Exercise details:
Reproduce verbatim the lines of the material below, starting at the line with "In addition to" and ending at the line with "dad sandal mule", both inclusive; skip the rest.

Data provided:
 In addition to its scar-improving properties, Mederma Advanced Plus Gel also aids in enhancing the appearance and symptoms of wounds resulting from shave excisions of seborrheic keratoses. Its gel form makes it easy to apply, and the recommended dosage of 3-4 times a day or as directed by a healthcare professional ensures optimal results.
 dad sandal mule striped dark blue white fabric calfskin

--

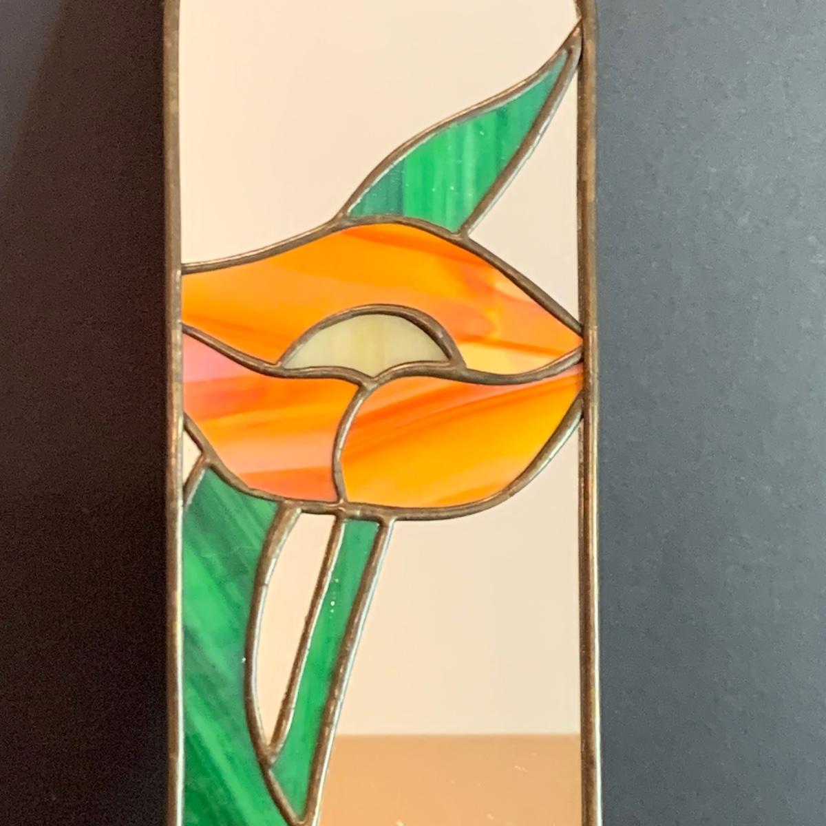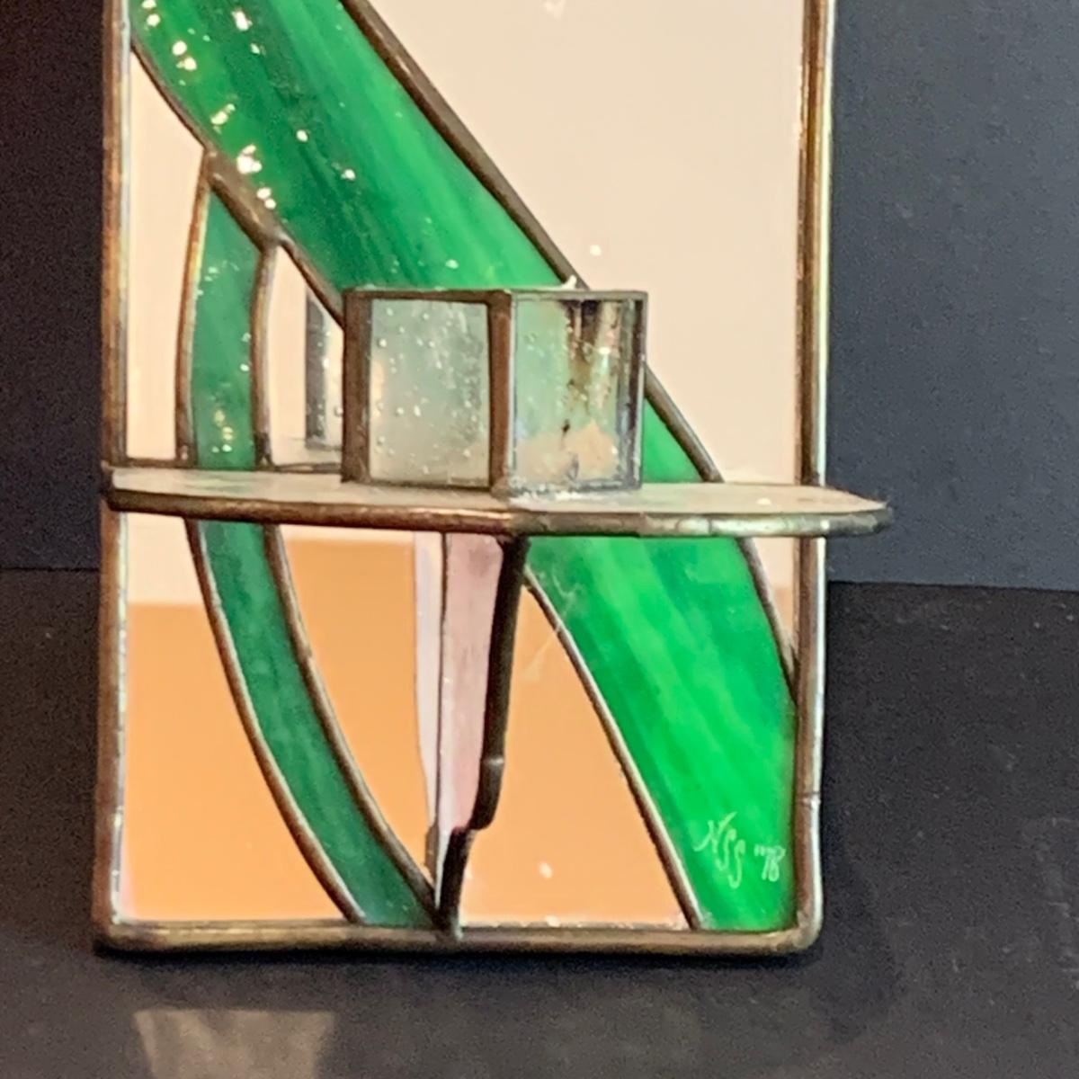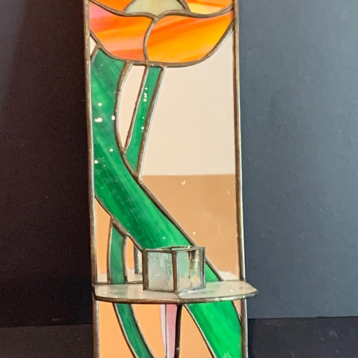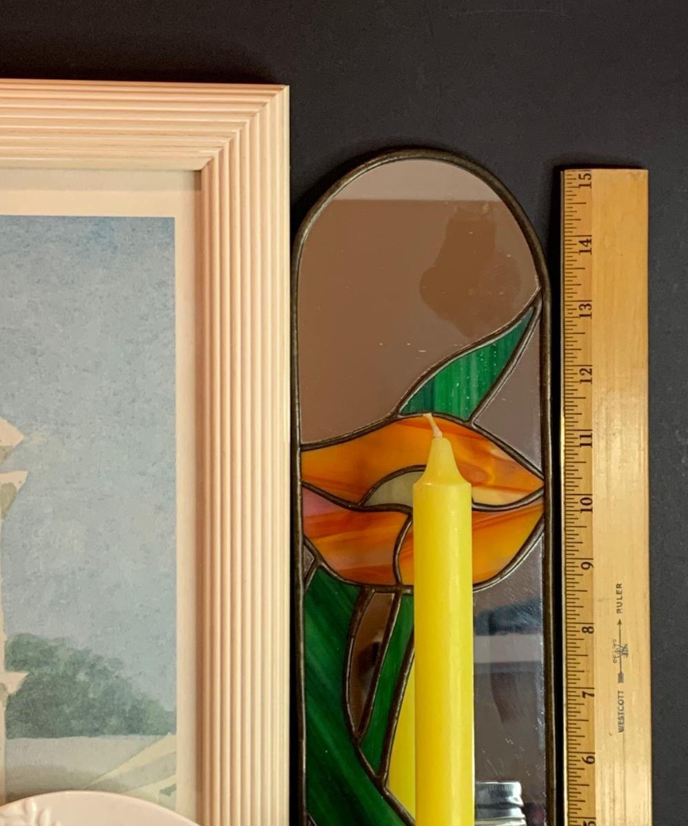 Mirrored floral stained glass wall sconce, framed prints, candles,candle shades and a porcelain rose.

Result for this exercise:
 In addition to its scar-improving properties, Mederma Advanced Plus Gel also aids in enhancing the appearance and symptoms of wounds resulting from shave excisions of seborrheic keratoses. Its gel form makes it easy to apply, and the recommended dosage of 3-4 times a day or as directed by a healthcare professional ensures optimal results.
 dad sandal mule striped dark blue white fabric calfskin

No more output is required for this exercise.